## Data provided
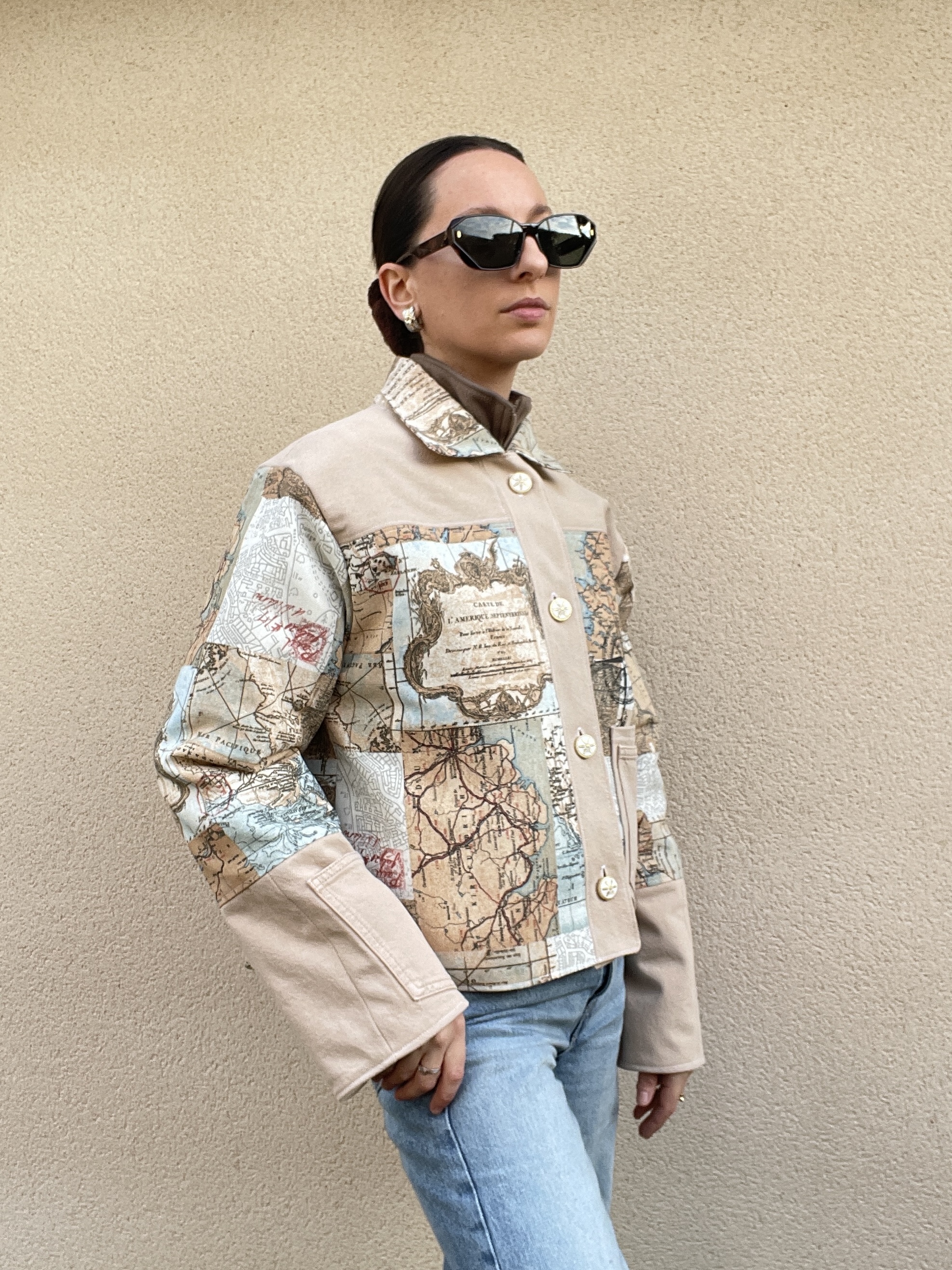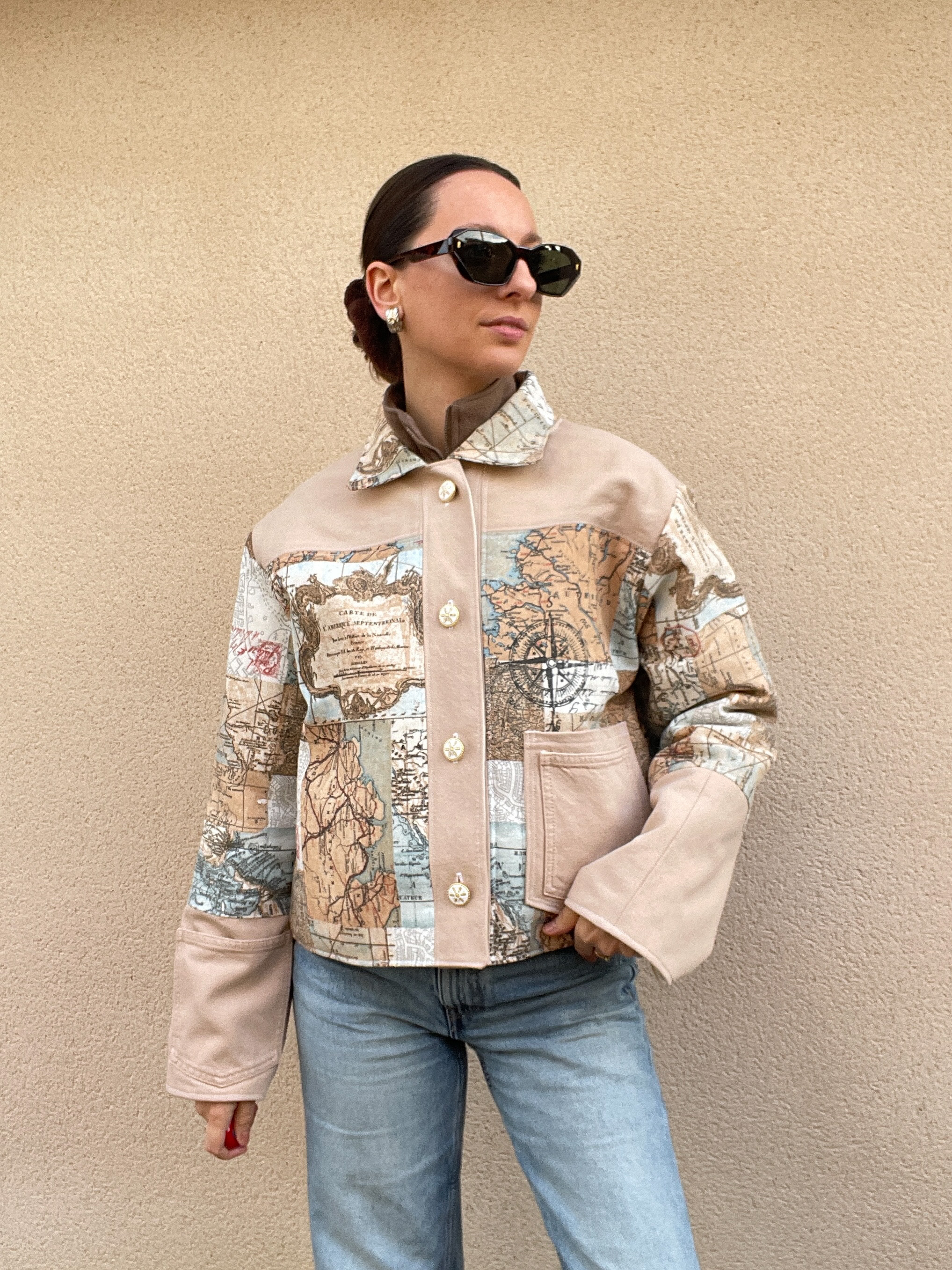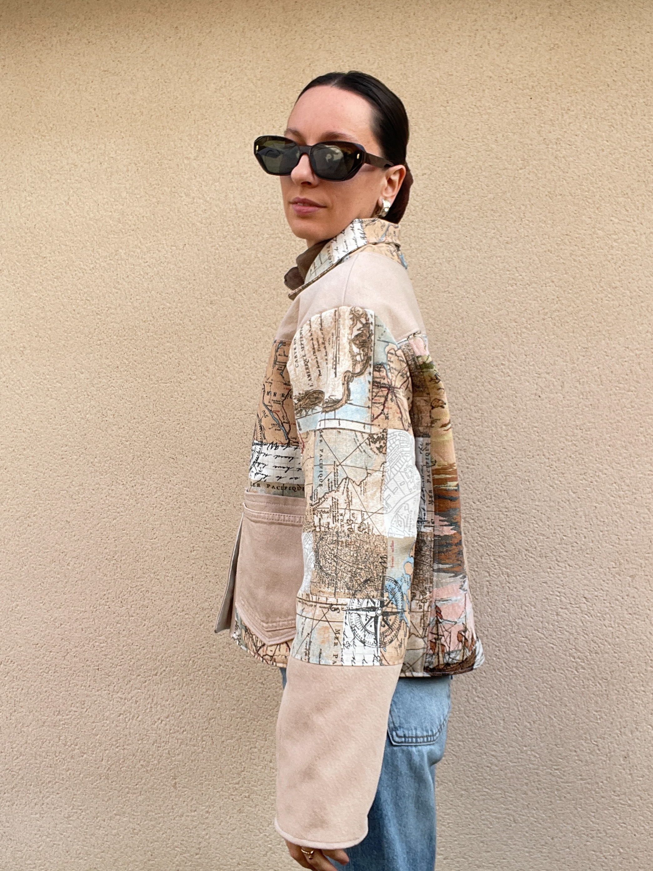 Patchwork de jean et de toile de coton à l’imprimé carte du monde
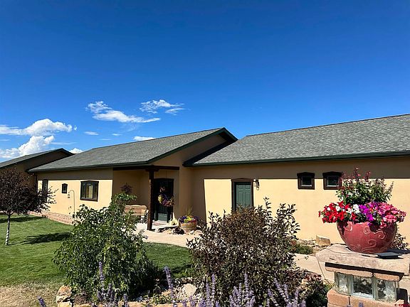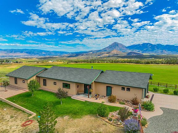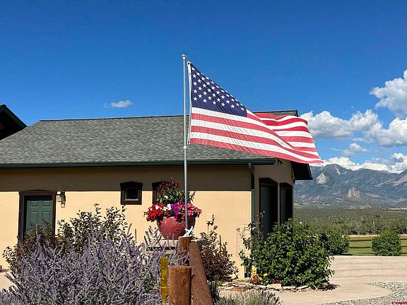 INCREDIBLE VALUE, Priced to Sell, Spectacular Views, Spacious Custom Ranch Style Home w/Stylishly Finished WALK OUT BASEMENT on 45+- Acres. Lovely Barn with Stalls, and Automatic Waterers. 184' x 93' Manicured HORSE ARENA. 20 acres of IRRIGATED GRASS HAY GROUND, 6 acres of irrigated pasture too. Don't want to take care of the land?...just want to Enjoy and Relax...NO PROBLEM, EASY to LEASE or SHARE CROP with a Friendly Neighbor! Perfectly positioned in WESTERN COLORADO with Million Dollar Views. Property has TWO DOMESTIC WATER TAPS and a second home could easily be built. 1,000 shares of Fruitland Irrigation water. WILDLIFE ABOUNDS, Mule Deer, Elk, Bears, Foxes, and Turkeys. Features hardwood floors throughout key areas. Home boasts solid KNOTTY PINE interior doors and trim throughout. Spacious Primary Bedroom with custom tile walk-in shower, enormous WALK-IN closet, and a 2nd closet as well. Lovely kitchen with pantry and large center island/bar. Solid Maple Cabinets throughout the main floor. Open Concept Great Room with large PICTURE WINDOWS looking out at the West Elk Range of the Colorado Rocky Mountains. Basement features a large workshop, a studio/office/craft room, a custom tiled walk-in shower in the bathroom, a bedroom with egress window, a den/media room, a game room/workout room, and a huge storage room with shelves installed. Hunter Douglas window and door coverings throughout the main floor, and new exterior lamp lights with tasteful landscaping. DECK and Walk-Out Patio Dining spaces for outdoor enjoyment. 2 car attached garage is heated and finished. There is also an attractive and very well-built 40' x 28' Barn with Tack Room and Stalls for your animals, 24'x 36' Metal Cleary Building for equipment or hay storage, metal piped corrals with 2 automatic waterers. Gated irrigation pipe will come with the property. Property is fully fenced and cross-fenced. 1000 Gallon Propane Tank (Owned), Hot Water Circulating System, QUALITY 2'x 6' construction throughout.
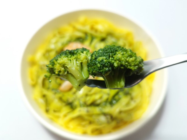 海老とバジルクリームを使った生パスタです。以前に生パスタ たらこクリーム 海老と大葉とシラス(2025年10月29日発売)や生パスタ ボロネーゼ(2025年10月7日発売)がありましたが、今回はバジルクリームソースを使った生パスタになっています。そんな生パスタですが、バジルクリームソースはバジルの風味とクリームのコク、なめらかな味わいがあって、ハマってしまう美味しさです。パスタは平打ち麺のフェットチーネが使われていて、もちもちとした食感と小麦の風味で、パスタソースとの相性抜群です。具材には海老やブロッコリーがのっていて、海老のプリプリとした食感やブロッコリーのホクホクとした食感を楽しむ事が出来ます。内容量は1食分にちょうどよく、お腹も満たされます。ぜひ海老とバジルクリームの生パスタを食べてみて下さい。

## Work instruction
If the data includes images, omit them, and set down everything else exactly as above.

## Solution to this task
 Patchwork de jean et de toile de coton à l’imprimé carte du monde
 INCREDIBLE VALUE, Priced to Sell, Spectacular Views, Spacious Custom Ranch Style Home w/Stylishly Finished WALK OUT BASEMENT on 45+- Acres. Lovely Barn with Stalls, and Automatic Waterers. 184' x 93' Manicured HORSE ARENA. 20 acres of IRRIGATED GRASS HAY GROUND, 6 acres of irrigated pasture too. Don't want to take care of the land?...just want to Enjoy and Relax...NO PROBLEM, EASY to LEASE or SHARE CROP with a Friendly Neighbor! Perfectly positioned in WESTERN COLORADO with Million Dollar Views. Property has TWO DOMESTIC WATER TAPS and a second home could easily be built. 1,000 shares of Fruitland Irrigation water. WILDLIFE ABOUNDS, Mule Deer, Elk, Bears, Foxes, and Turkeys. Features hardwood floors throughout key areas. Home boasts solid KNOTTY PINE interior doors and trim throughout. Spacious Primary Bedroom with custom tile walk-in shower, enormous WALK-IN closet, and a 2nd closet as well. Lovely kitchen with pantry and large center island/bar. Solid Maple Cabinets throughout the main floor. Open Concept Great Room with large PICTURE WINDOWS looking out at the West Elk Range of the Colorado Rocky Mountains. Basement features a large workshop, a studio/office/craft room, a custom tiled walk-in shower in the bathroom, a bedroom with egress window, a den/media room, a game room/workout room, and a huge storage room with shelves installed. Hunter Douglas window and door coverings throughout the main floor, and new exterior lamp lights with tasteful landscaping. DECK and Walk-Out Patio Dining spaces for outdoor enjoyment. 2 car attached garage is heated and finished. There is also an attractive and very well-built 40' x 28' Barn with Tack Room and Stalls for your animals, 24'x 36' Metal Cleary Building for equipment or hay storage, metal piped corrals with 2 automatic waterers. Gated irrigation pipe will come with the property. Property is fully fenced and cross-fenced. 1000 Gallon Propane Tank (Owned), Hot Water Circulating System, QUALITY 2'x 6' construction throughout.
 海老とバジルクリームを使った生パスタです。以前に生パスタ たらこクリーム 海老と大葉とシラス(2025年10月29日発売)や生パスタ ボロネーゼ(2025年10月7日発売)がありましたが、今回はバジルクリームソースを使った生パスタになっています。そんな生パスタですが、バジルクリームソースはバジルの風味とクリームのコク、なめらかな味わいがあって、ハマってしまう美味しさです。パスタは平打ち麺のフェットチーネが使われていて、もちもちとした食感と小麦の風味で、パスタソースとの相性抜群です。具材には海老やブロッコリーがのっていて、海老のプリプリとした食感やブロッコリーのホクホクとした食感を楽しむ事が出来ます。内容量は1食分にちょうどよく、お腹も満たされます。ぜひ海老とバジルクリームの生パスタを食べてみて下さい。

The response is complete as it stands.